AIM OF THE EXERCISE
Print out the data precisely as it appears here, with no pictures.

DATASET CONTENT
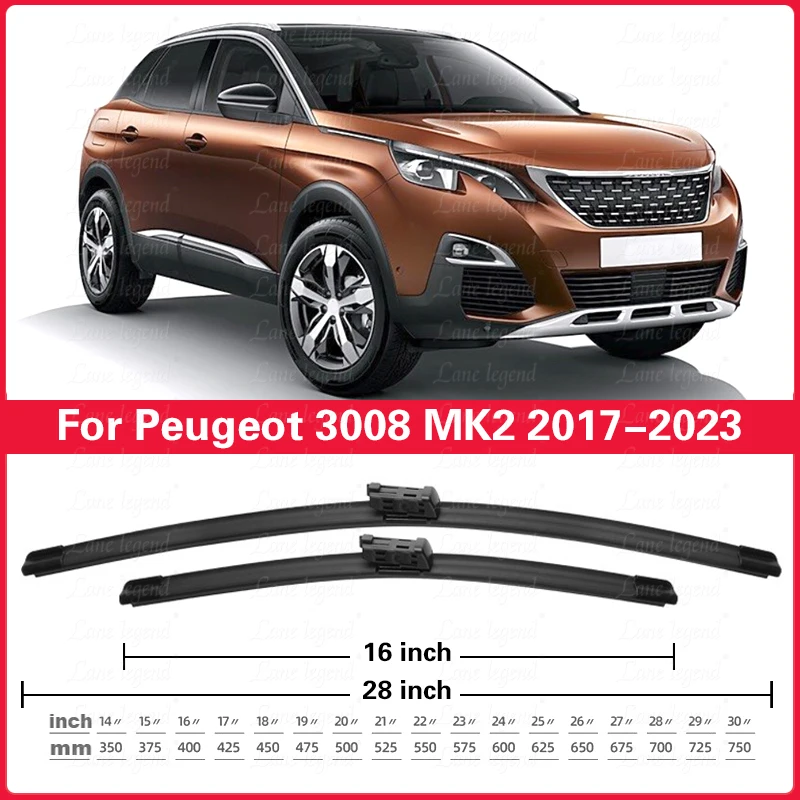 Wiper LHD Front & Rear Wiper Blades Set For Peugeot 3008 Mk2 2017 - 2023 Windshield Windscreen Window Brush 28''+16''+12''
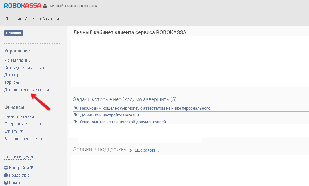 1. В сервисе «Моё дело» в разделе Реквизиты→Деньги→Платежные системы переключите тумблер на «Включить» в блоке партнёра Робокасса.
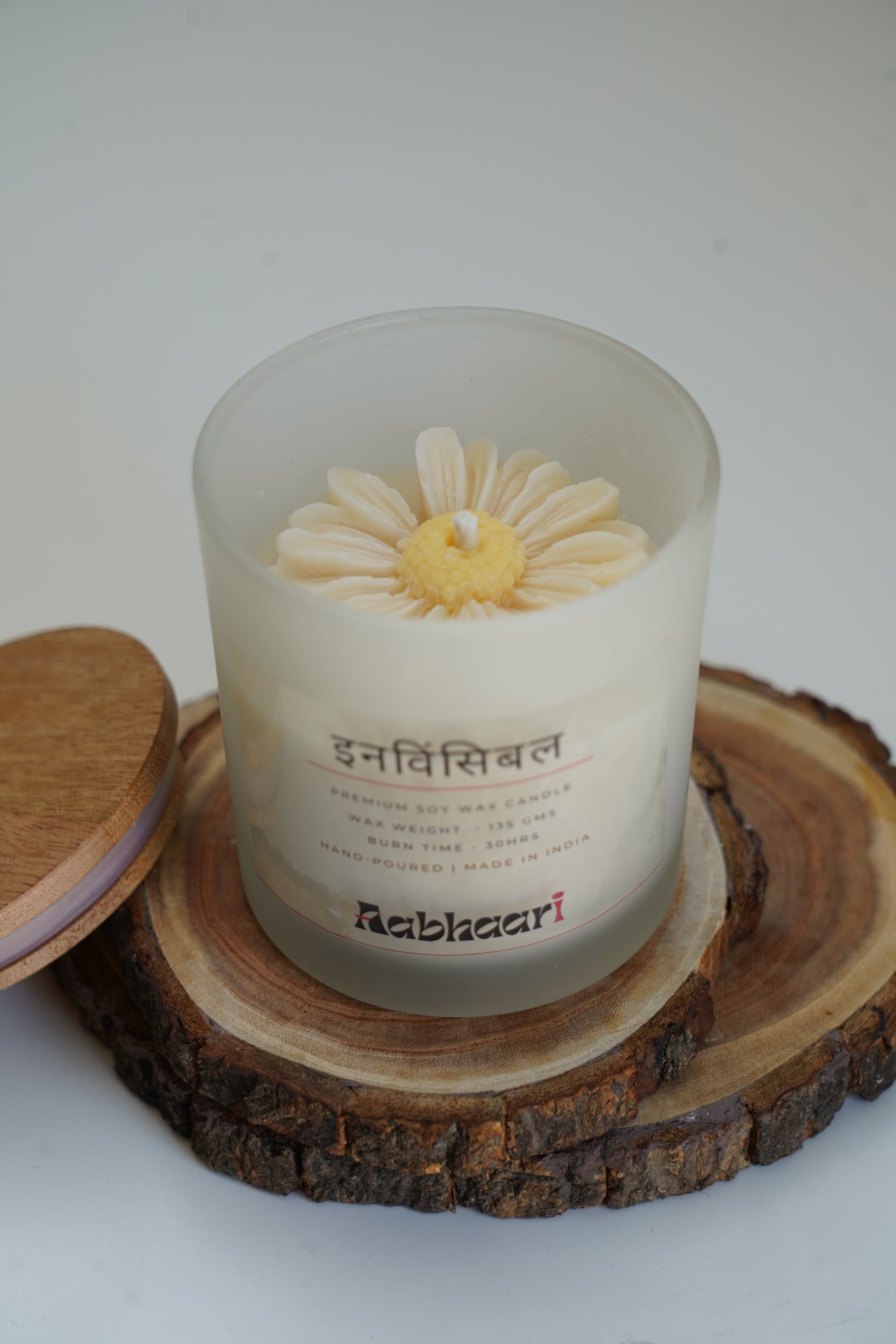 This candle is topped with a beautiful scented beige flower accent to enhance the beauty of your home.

EXERCISE RESULT
 Wiper LHD Front & Rear Wiper Blades Set For Peugeot 3008 Mk2 2017 - 2023 Windshield Windscreen Window Brush 28''+16''+12''
 1. В сервисе «Моё дело» в разделе Реквизиты→Деньги→Платежные системы переключите тумблер на «Включить» в блоке партнёра Робокасса.
 This candle is topped with a beautiful scented beige flower accent to enhance the beauty of your home.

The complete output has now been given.